» What needs to be done
An exact reproduction of the listing, minus the pictures, is the required output.

━━━ Given information ━━━

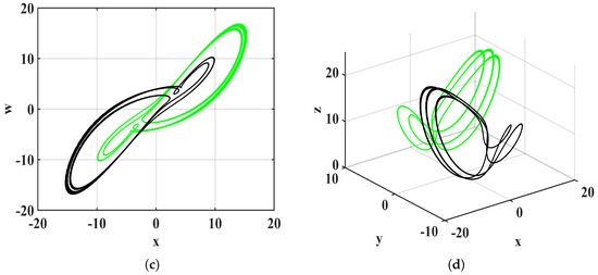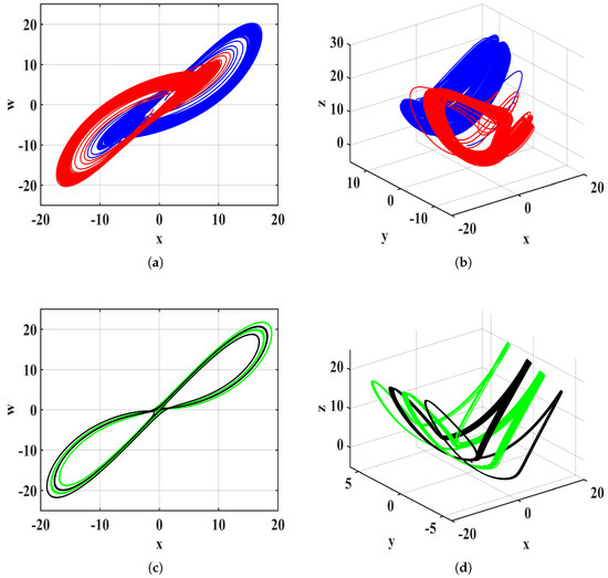 Set the order of the fractional-order system to 0.8 . The parameters were set: a = 23.1 , b = 5 , c = 10 , d = 3 , k = 5 , m = 0.1 , and n = 0.01 . Two states were established: State 1, where the IC of the system was set to [ 1 , 1 , 1 , 1 , 1 ] and represented by the color blue, and State 2, where the IC of the system was [ 1 , 1 , 1 , 1 , 1 ] and represented by the color red. Figure 10a,b are the phase diagrams of State 1 and State 2 on the x w plane and the x y z space, respectively. The system (19)’s 2D phase diagram presents a symmetrical state, and the 3D phase diagrams do not interfere with each other. The diagrams depict the chaotic coexistence of States 1 and 2. With all other conditions unchanged and the order set to 0.7 , State 3 was introduced with the only change being the color shift from blue to green, maintaining all other conditions identical to State 1. Similarly, State 4 was introduced with the color shifting from red to green, with all other conditions unchanged from State 2. The phase diagrams show periodic cycles and do not interfere with each other. The periodic attractors of State 3 and State 4 were found to coexist. Figure 10c,d are the x w plane and the x y z space, respectively. Compared with integer-order chaotic systems, fractional-order chaotic systems also exhibit the phenomenon of multiple coexisting attractors.
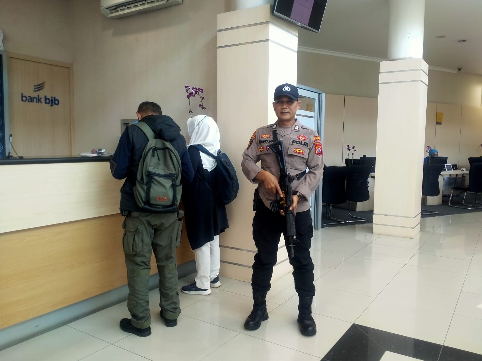 Bripka Ajat,  merupakan anggota Satpamobvit yang ditugaskan untuk menjaga Bank BJB, telah menunjukkan dedikasi tinggi dalam melaksanakan tugasnya. Dengan pengawasan yang cermat dan kesigapan yang tinggi, Bripka Ajat menjaga agar obyek vital ini tetap aman dari berbagai potensi ancaman.
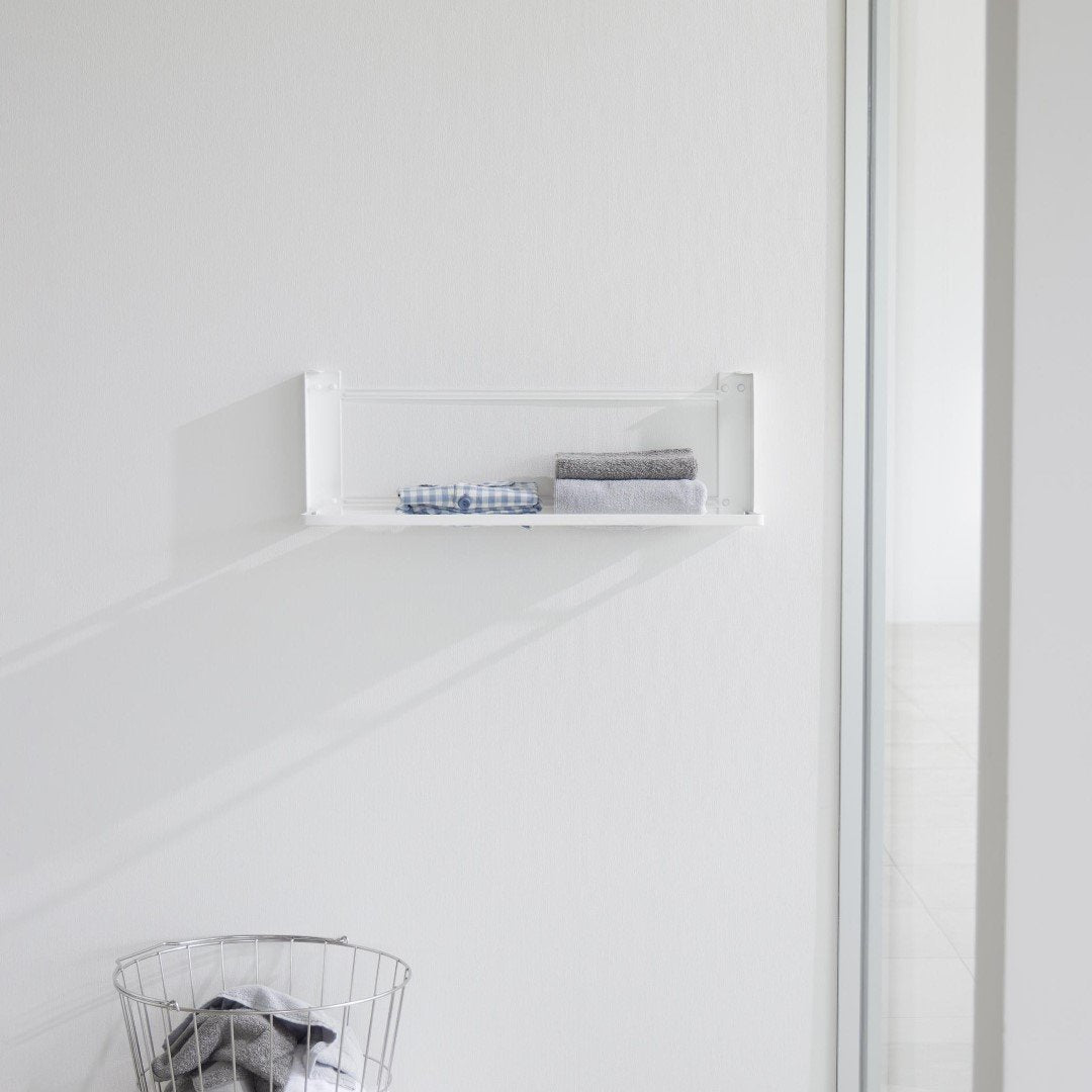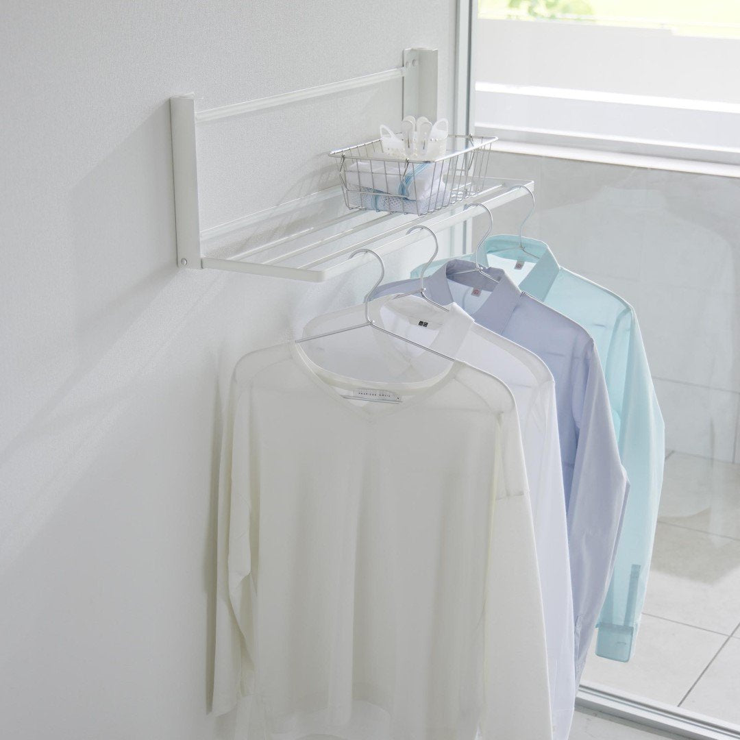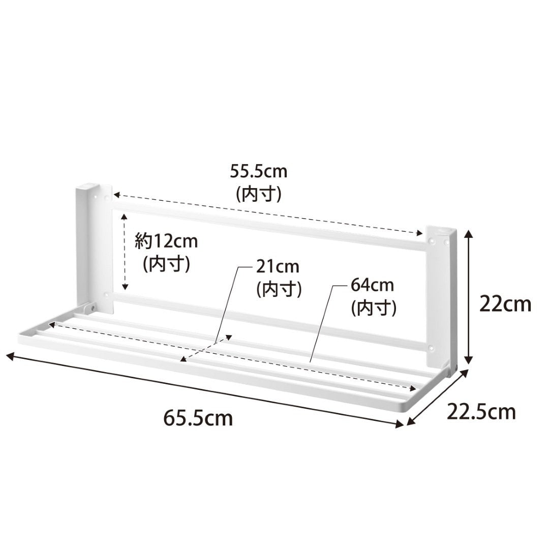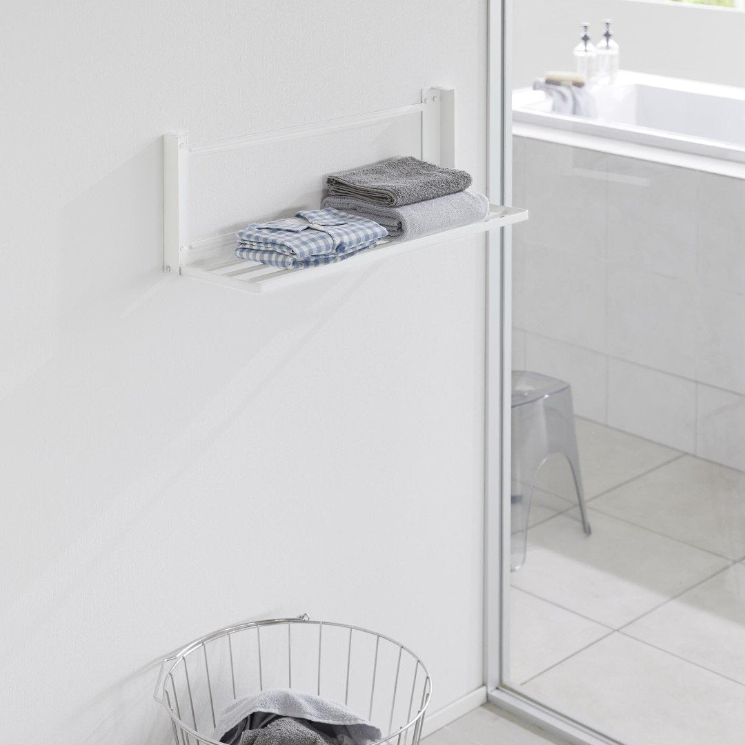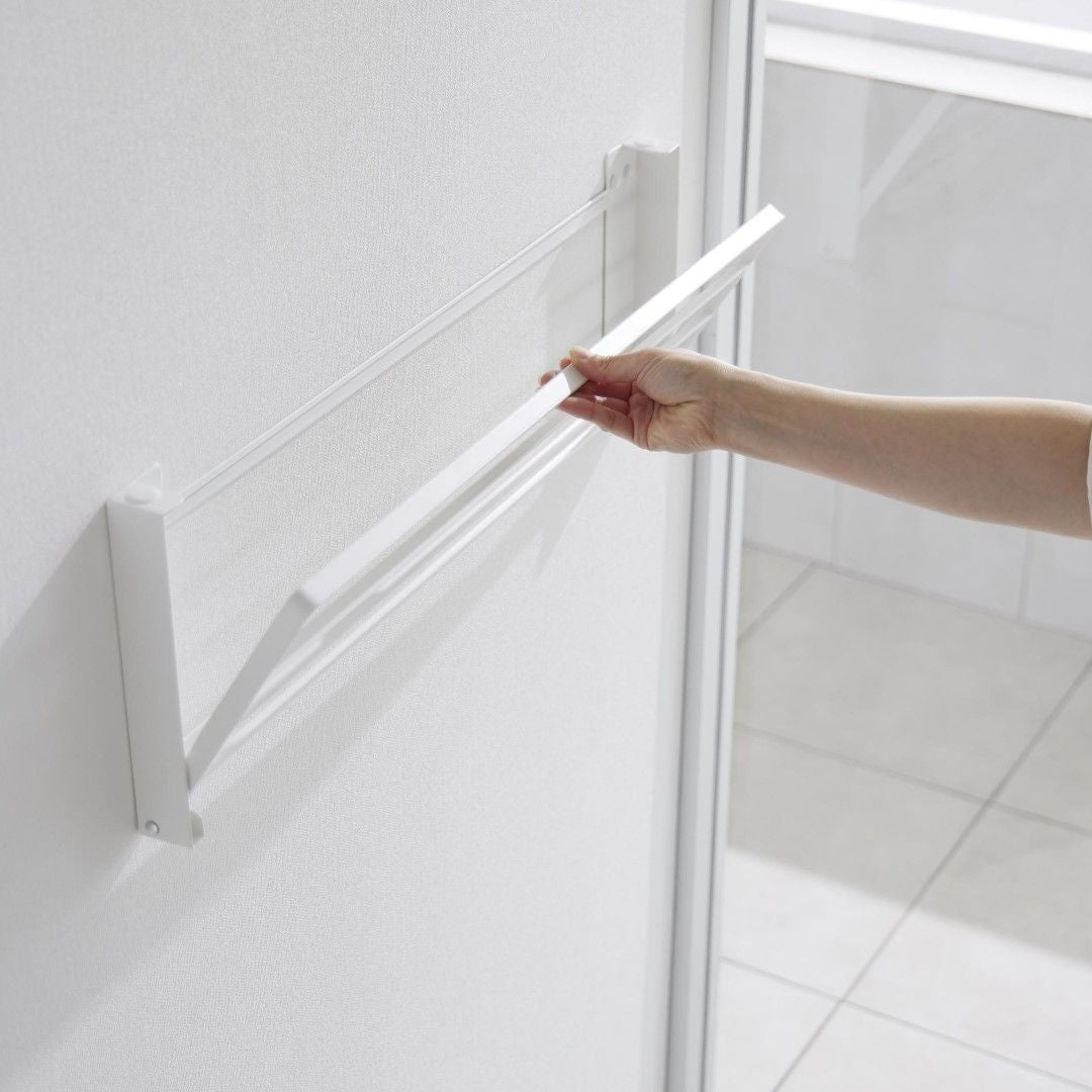 畳めばスリム化。 ワイドサイズバスタオルが干せる 65.5cmのワイドサイズでバスタオルも干せる、折り畳みラックです。使いたい時にサッと使え、使わない時は折り畳んで奥行き4cmになるスリム設計。バスタオルや着替えの一時置きにも◎。※ハンガーや服のサイズ等で壁面に触れる事があります。バスルームにマッチする、2色のカラーバリエーション カラーは、明るい印象のホワイト、スタイリッシュなブラックをご用意しました。どのお家の洗面所にもなじみやすいシンプルなモノトーンカラーです。壁紙の色、お持ちのタオル類の色などに合わせてお好みのカラーをお選びください。タオル掛け、着替えの一時置きに シャワーを浴びたあとは、バスタオルやフェイスタオル、足拭きマットを掛けてササッと干せちゃいます。シャワー中には部屋から持ってきた着替えの一時置きとしても活躍。スマートフォンを置いておけば、大事な電話もすぐに取れます。洋服や下着の室内干しにも使える スリット部にハンガーのフックを引っ掛けて、洗濯物の室内干しエリアとしてもお使いいただけます。上部にはピンチや洗濯物ネットを入れたバスケットを置いておいても◎。洗濯物が乾いたらまとめて片づけて、ラックは折り畳んでスリムに収納できます。壁の穴が目立ちにくい石こうボードピン取り付け 石こうボードピンで設置するので、取り外したときに壁の穴が目立ちにくいのがうれしいポイント。大きな力は必要なく、コインを使って取り付けベースを設置したら本体を差し込むだけ。女性でも簡単に取り付けが完了します。付属の木ネジを使えば柱や板壁に取り付けることも可能です。

━━━

» Reply
 Set the order of the fractional-order system to 0.8 . The parameters were set: a = 23.1 , b = 5 , c = 10 , d = 3 , k = 5 , m = 0.1 , and n = 0.01 . Two states were established: State 1, where the IC of the system was set to [ 1 , 1 , 1 , 1 , 1 ] and represented by the color blue, and State 2, where the IC of the system was [ 1 , 1 , 1 , 1 , 1 ] and represented by the color red. Figure 10a,b are the phase diagrams of State 1 and State 2 on the x w plane and the x y z space, respectively. The system (19)’s 2D phase diagram presents a symmetrical state, and the 3D phase diagrams do not interfere with each other. The diagrams depict the chaotic coexistence of States 1 and 2. With all other conditions unchanged and the order set to 0.7 , State 3 was introduced with the only change being the color shift from blue to green, maintaining all other conditions identical to State 1. Similarly, State 4 was introduced with the color shifting from red to green, with all other conditions unchanged from State 2. The phase diagrams show periodic cycles and do not interfere with each other. The periodic attractors of State 3 and State 4 were found to coexist. Figure 10c,d are the x w plane and the x y z space, respectively. Compared with integer-order chaotic systems, fractional-order chaotic systems also exhibit the phenomenon of multiple coexisting attractors.
 Bripka Ajat,  merupakan anggota Satpamobvit yang ditugaskan untuk menjaga Bank BJB, telah menunjukkan dedikasi tinggi dalam melaksanakan tugasnya. Dengan pengawasan yang cermat dan kesigapan yang tinggi, Bripka Ajat menjaga agar obyek vital ini tetap aman dari berbagai potensi ancaman.
 畳めばスリム化。 ワイドサイズバスタオルが干せる 65.5cmのワイドサイズでバスタオルも干せる、折り畳みラックです。使いたい時にサッと使え、使わない時は折り畳んで奥行き4cmになるスリム設計。バスタオルや着替えの一時置きにも◎。※ハンガーや服のサイズ等で壁面に触れる事があります。バスルームにマッチする、2色のカラーバリエーション カラーは、明るい印象のホワイト、スタイリッシュなブラックをご用意しました。どのお家の洗面所にもなじみやすいシンプルなモノトーンカラーです。壁紙の色、お持ちのタオル類の色などに合わせてお好みのカラーをお選びください。タオル掛け、着替えの一時置きに シャワーを浴びたあとは、バスタオルやフェイスタオル、足拭きマットを掛けてササッと干せちゃいます。シャワー中には部屋から持ってきた着替えの一時置きとしても活躍。スマートフォンを置いておけば、大事な電話もすぐに取れます。洋服や下着の室内干しにも使える スリット部にハンガーのフックを引っ掛けて、洗濯物の室内干しエリアとしてもお使いいただけます。上部にはピンチや洗濯物ネットを入れたバスケットを置いておいても◎。洗濯物が乾いたらまとめて片づけて、ラックは折り畳んでスリムに収納できます。壁の穴が目立ちにくい石こうボードピン取り付け 石こうボードピンで設置するので、取り外したときに壁の穴が目立ちにくいのがうれしいポイント。大きな力は必要なく、コインを使って取り付けベースを設置したら本体を差し込むだけ。女性でも簡単に取り付けが完了します。付属の木ネジを使えば柱や板壁に取り付けることも可能です。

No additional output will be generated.